What data we collect, why, and our legal basis
Enquiries through our contact form
When you use our “Get in touch” form, we collect your name, email address, company name (if you provide it), the topic you select, your message, and confirmation that you have ticked the consent box.
- Purpose: to read your enquiry, respond to you, and follow up about the services you asked about.
- Legal basis: your consent (GDPR Art. 6(1)(a)) - before sending, you confirm you have read this policy. Where your enquiry concerns a possible engagement, we also rely on taking steps at your request prior to entering into a contract (Art. 6(1)(b)).
- How it is handled: the form does not create an account or a public comment. Your message is sent to us by email (to hello@firstimpression.works) and is not stored in the website’s database. We reply using the email address you provide.
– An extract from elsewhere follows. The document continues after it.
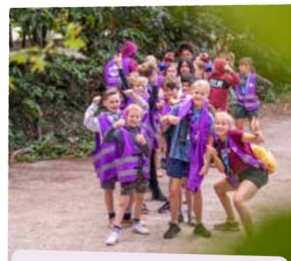
en vooral: PLEZIER MAKEN

- Marketing: we use these details only to respond to your enquiry. We do not add you to any marketing list or newsletter and do not use your enquiry for advertising.
- Withdrawing consent: you can withdraw your consent or ask us to delete your enquiry at any time by emailing hello@firstimpression.works. This does not affect processing carried out before you withdrew.
Booking a consultation (Calendly)
If you book a call through our scheduling widget, this is provided by Calendly. Calendly collects the details you enter (such as your name, email address and chosen time) in order to schedule the meeting. The scheduling widget only loads when you choose to open it. The legal basis is your consent and taking steps at your request prior to a possible engagement (Art. 6(1)(a) and (b)). Calendly processes this data under its own privacy policy.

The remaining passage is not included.